Minnesota Sinfonia is a professional non-profit orchestra in the U.S. state of Minnesota, founded in 1989 by artistic director Jay Fishman. The Minnesota Sinfonia is an independent, non-profit 501(c)(3) organization supported by corporate, foundation and individual contributors which performs for over 25,000 people each year.

==Programs==

===Music in the Schools===
Music in the Schools (MIS) is the Sinfonia's inner-city education program. The orchestra develops a three-month curriculum with local teachers, focusing on a different core subject each year. Music in the Schools is designed specifically for public elementary students of Minneapolis and St. Paul with limited in-school arts opportunities, and the orchestra works with up to 12,000 elementary school students.

The culmination of each Music in the Schools program is "Sinfonia Day", a visit from the entire Minnesota Sinfonia to each participating school.

===Young Artist Competition===
The Young Artist Competition is an annual competition for musicians up to age 19. The competition is held every spring for residents of Minnesota, North Dakota, South Dakota, Iowa and Wisconsin. Both the junior and senior division winners are awarded solo appearances with the Sinfonia, and the senior division winner also receives the Claire Givens Violins $500 cash prize. The competition is held at the University of St. Thomas campus in St. Paul.

===Youth Outreach Week===
During Youth Outreach Week, 25 young musicians experience a "week in the life" of a professional musician. Students participate in a week of intensive orchestra rehearsals, culminating in a joint concert with the Minnesota Sinfonia.

===Junior Composers Competition===
Junior Composers and alumni up to age 19 compose original compositions that will be part of the Sinfonia's Young Artists Week.

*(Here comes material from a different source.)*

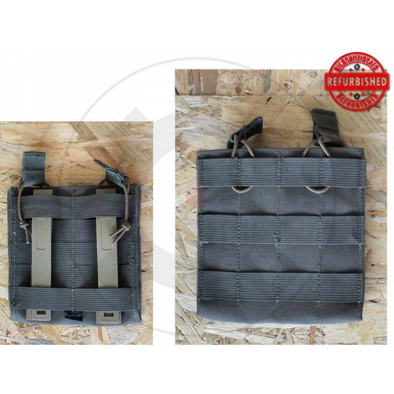 Holds two 30 round 5.56 AR15/M16 magazines in flat configuration. Open top design with bungee retention and side drain holes. Attaches to modular webbing with 2 long MALICE CLIPS® (included).

The winning entry is performed at the orchestra's Summer Concert Series.

==History==
In 1989, conductor Jay Fishman created the Minnesota Sinfonia, a professional chamber orchestra to serve families, children, seniors, and those with limited incomes in Minnesota. Early on, the Sinfonia developed policies of free admission and children welcome to all performances.

Jay Fishman has been the artistic and executive director of the Minnesota Sinfonia since its inception in 1989.

It has been reported that the Minnesota Sinfonia will cease operations in January, 2025.